Differentially expressed genes in MZ twins

To identify differentially expressed genes (DEGs) using the paired longitudinal RNA-Seq samples from the ALS-discordant male SALS twins (Table 1), read count data was analysed using limma85, including model terms for longitudinal sample collection and disease status. Voom87 transformation was applied prior to modelling. Multiple testing correction using the BH-FDR method88 was applied to the full list of post-processing genes.

Validation of twin DEGs in a sporadic cohort

Genes identified in twin analyses were investigated for an effect of disease in the full case-control cohort with limma, including sex as a covariate. Data were voom transformed, given the highly variable library sizes. Multiple testing corrections using the BH-FDR method was applied only on the subset of genes identified as differentially expressed in twins. Hierarchical clustering and principal components analysis of the expression of these DEGs in the case-control cohort was assessed.

Combined methylation and expression analysis

Intersect of top CpGs and genes

To identify genes most likely to be altered in disease, results from independent analysis of genome-wide methylation and expression data sets were integrated. Longitudinal RNA-Seq data is only available for one male SALS twin set, therefore we first identified the overlap between top DEGs and the genes annotated to the most differentially methylated probes within that twin set. We extended this analysis by overlapping the same list of DEGs with the genes annotated to the top differentially methylated probes across all combined twin sets.

Gene Ontology analysis

Gene Ontology enrichment analysis89,90 for biological processes was applied to the genes identified as differentially expressed in male SALS twins. The gene list was analysed with PANTHER overrepresentation tests (GO Ontology database release 2018-08-0991). Enrichment was tested relative to all genes detected in the appropriate post-processing data set.
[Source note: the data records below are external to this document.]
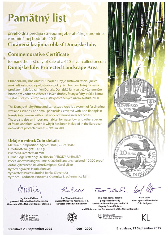Commemorative certificate to mark the first day of sale of the silver collector coin 20€ - Dunajské luhy Protected Landscape Area.
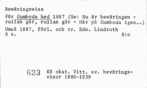 //// Bewäringswisa //// för Gumboda hed 1887^(Se: Nu är bewäringen -rullan går, rullan går - Här på Gumboda igen..) //// Umeå 1887, förl. och tr. Edw. Lindroth 8 s. 8:o //// COQ KB okat. Vitt. sv. bevärings- //// visor 1880-1939 ////
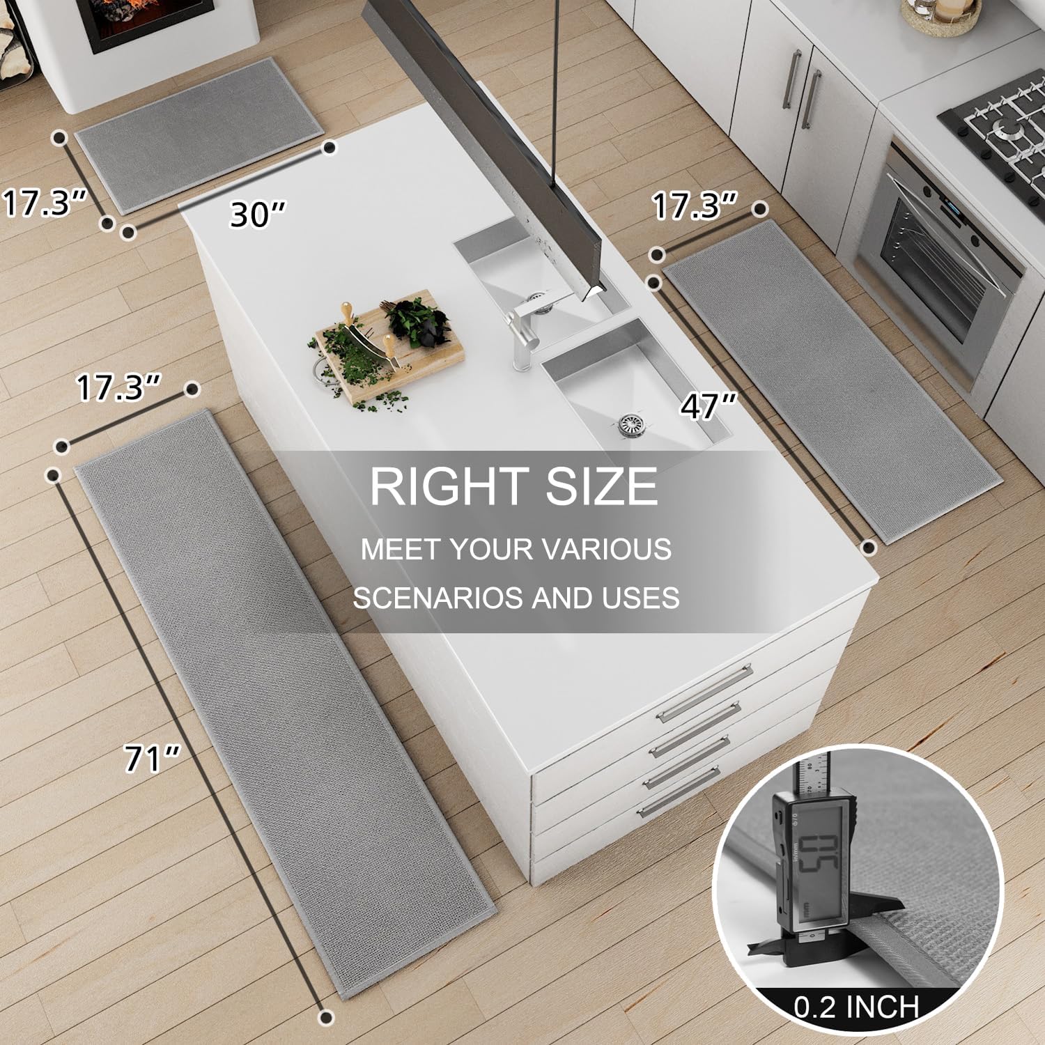 Kitchen Mat 1 PCS, Cushioned Non Slip Rugs for Kitchen Floor, Absorbent Runner Comfort Standing Mats Washable for Kitchen, Office, Home (Grey, 17.3"x47")
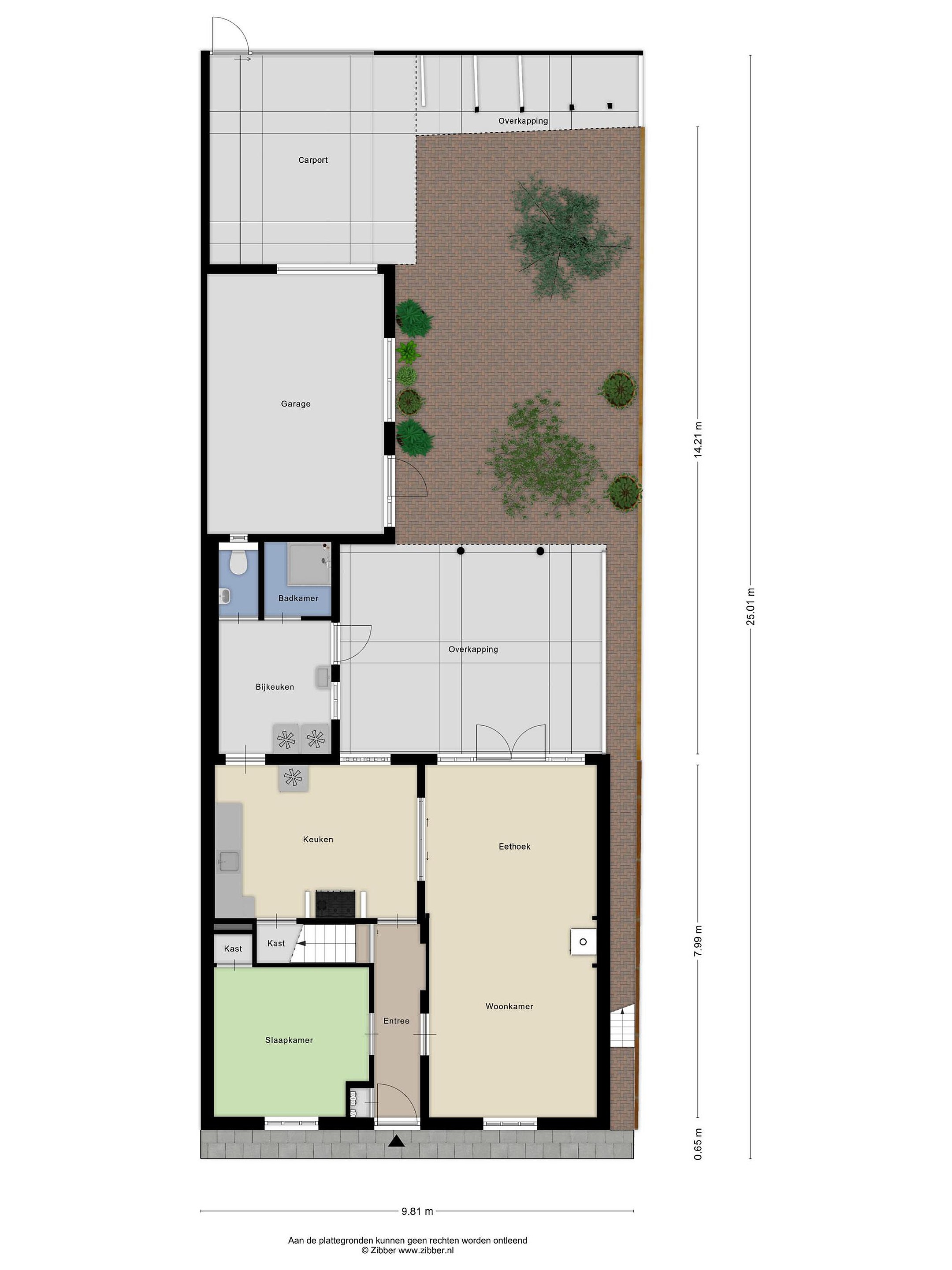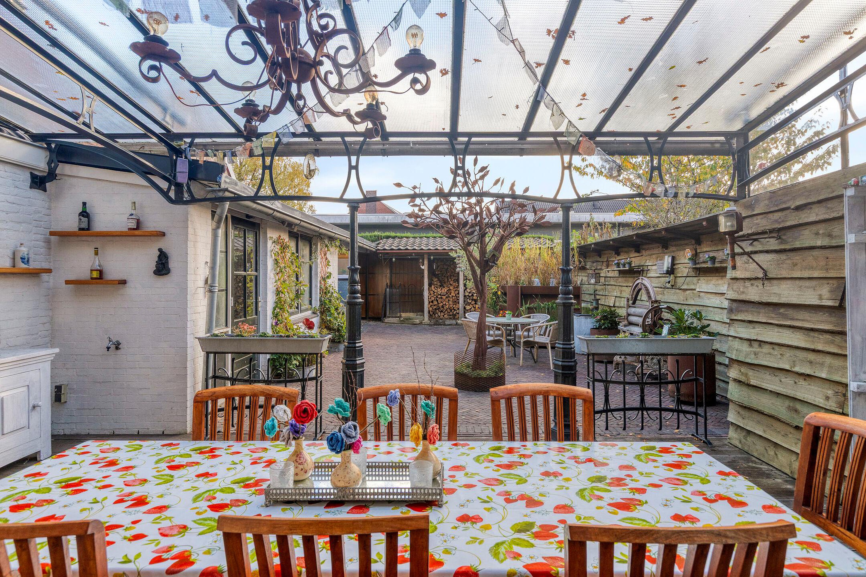 Verder is de tuin onderhoudsvriendelijk aangelegd met gebakken klinkers, diverse overkappingen en een sierlijke boom die zorgt voor een sfeervolle uitstraling. Via de zij-ingang is er een achterom en aan de achterzijde bevindt zich een grote schuifpoort naar de carport met parkeergelegenheid en toegang tot de ruime garage (24 m2).
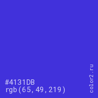 Цвет #4131DB в цветовой модели RGB обозначается тремя октетами (65, 49, 219) в десятичном формате и #4131DB в шестнадцатиричном (hex) формате, которые являются интенсивностью красного 65 (hex 41), интенсивность зелёного 49 (hex 31) и интенсивность синего 219 (hex DB).
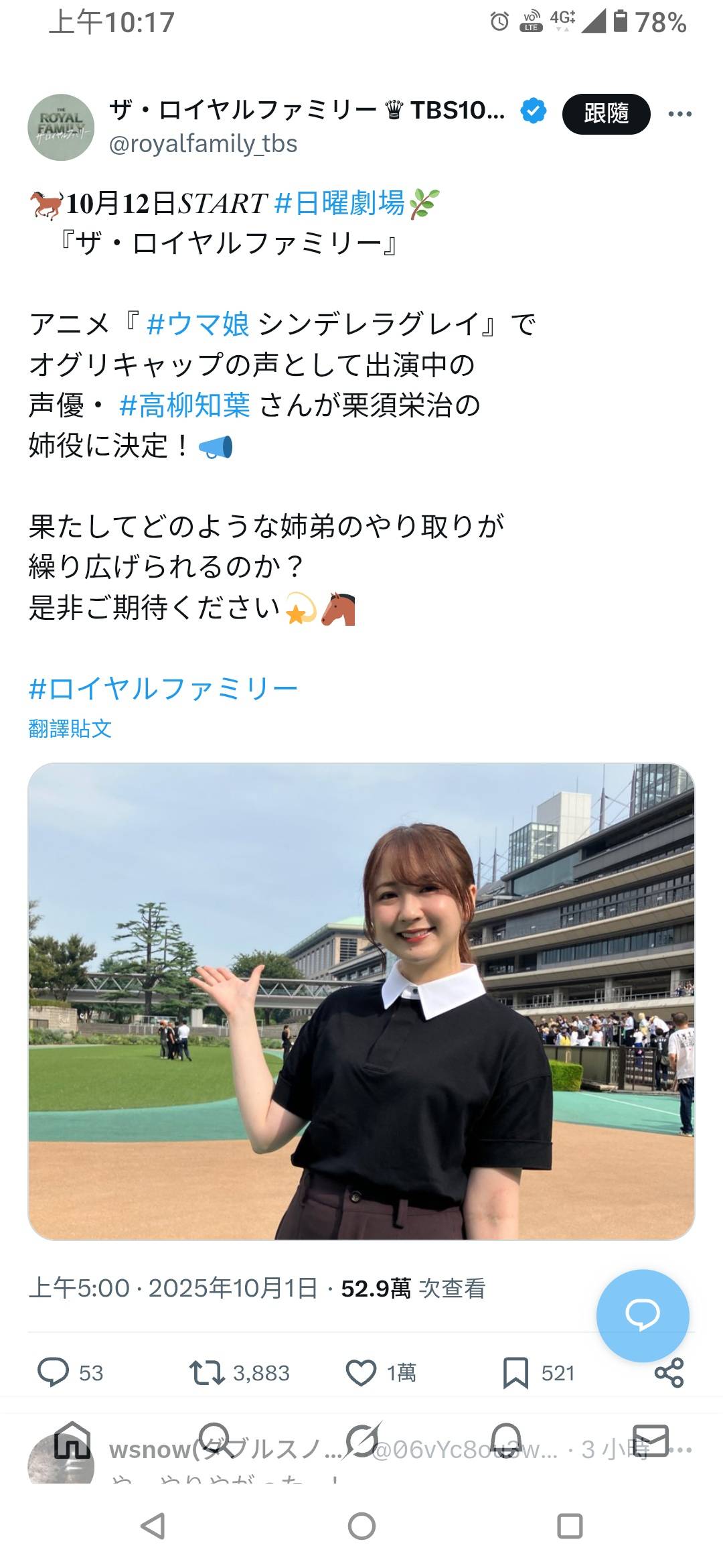 [馬娘] 小栗帽聲優高柳知葉出演賽馬日劇
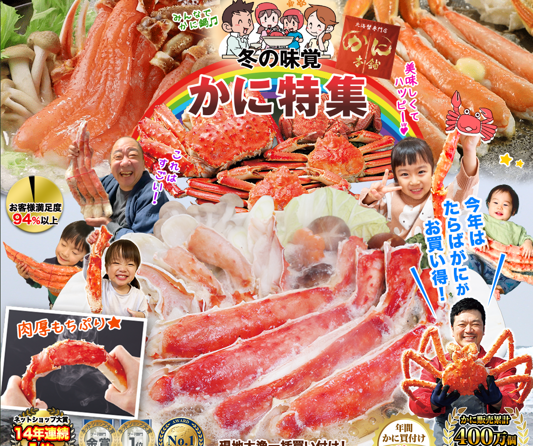 - ラインナップが豊富:ズワイ・タラバ・毛ガニほか、姿・脚・肩、ボイル・生・半むき身・フルポーションなど形状も多彩。鍋・しゃぶ・焼き・カニすきなど食べ方に合わせて選べます。
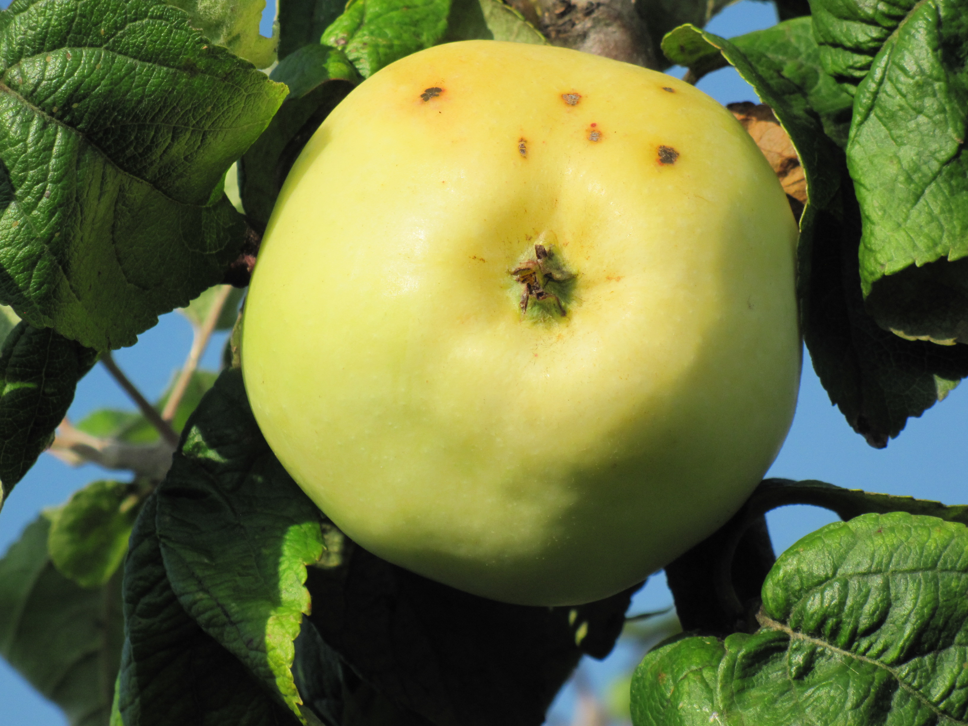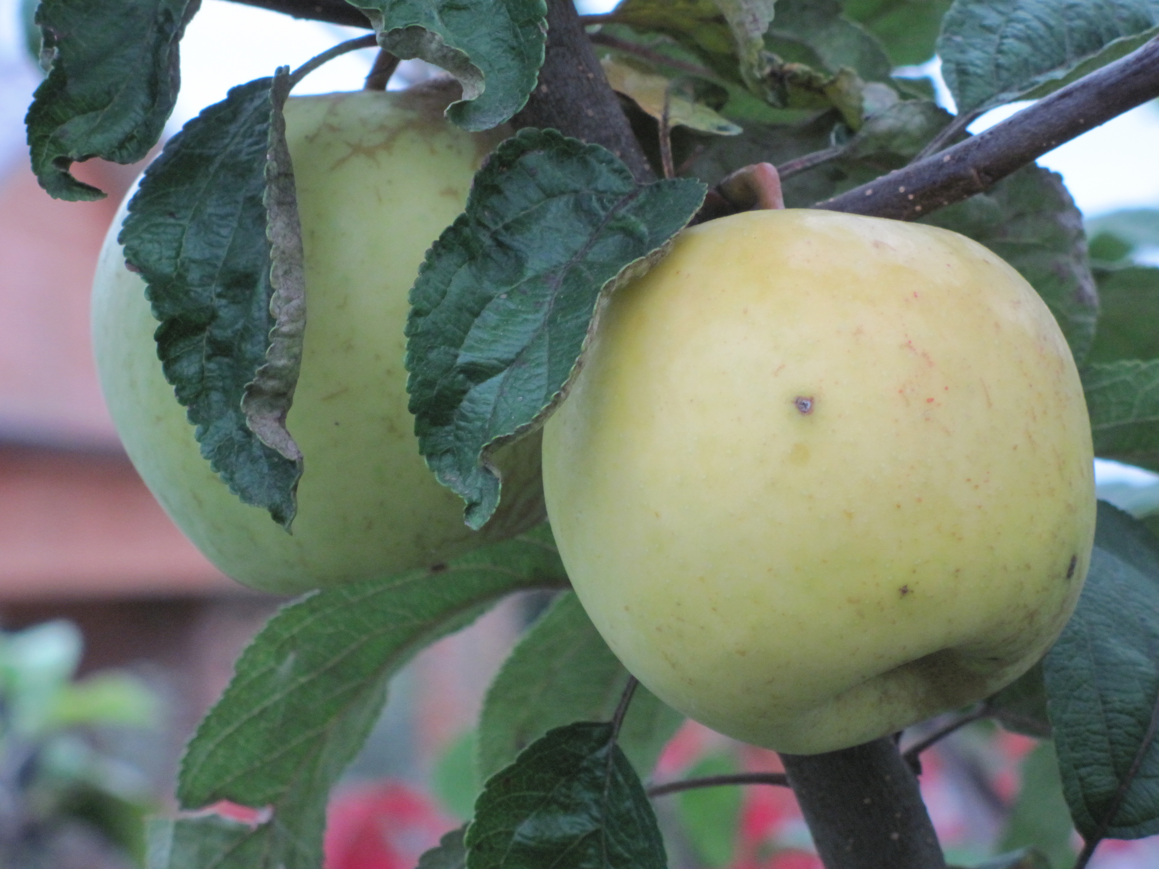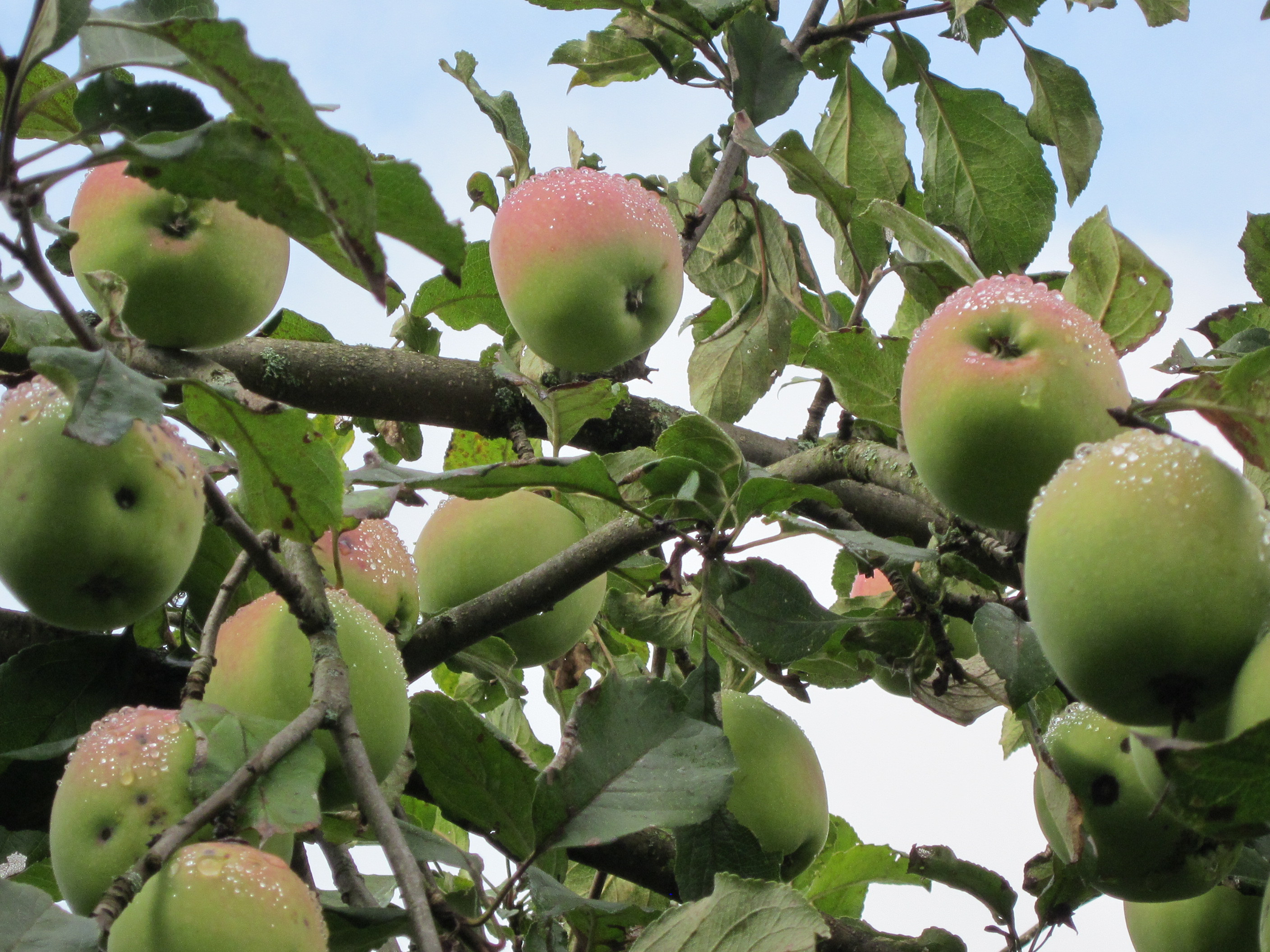 Кстати, на этом фото тоже окраска не совсем типичная. Яблоки обычно просто зелёные с небольшим загаром.

Fisher’s exact test with FDR correction was used.

Statistics

All analyses were carried out in R (v. 3.4.4)68. Linear mixed effects models were used to analyse DNAm age, blood cell type proportions and global mean M-methylation. Modelling was carried out using the lmer function in the package lme4 (v. 1.1.1492) for DNAm age and mean methylation, while a mixed effects beta regression for cell type proportions was applied with the glmmTMB function from the glmmTMB package (v. 0.2.2.093). Blood cell type proportions were increased by 0.001 to all estimates to avoid taking the log of zero. All mixed models assessed the effect of disease status while controlling for age at sample collection and sex. When analysing DNAm age, the interaction of disease and age at collection was also tested. Random effects were introduced for repeated sampling within co-twins, and a random intercept per twin/triplet set. When modelling cell types, due to convergence issues, the random slope for repeated sampling was dropped, leaving random intercepts for each co-twin and twin set. Likelihood ratio tests were used to determine significance of model terms. Linear models were used for case-control examination of probes identified in the MZ cohort, with the same fixed effect terms of age at sample collection and sex as described for mixed models. Hierarchical clustering utilised the package cluster (v. 2.0.6), with Manhattan distance and ward clustering methods for 450K data94, and Spearman correlation distance and average linkage clustering for log-transformed RNA-Seq count data95. Where appropriate, technical replicates are shown as means with error bars indicating standard deviation (unless otherwise stated).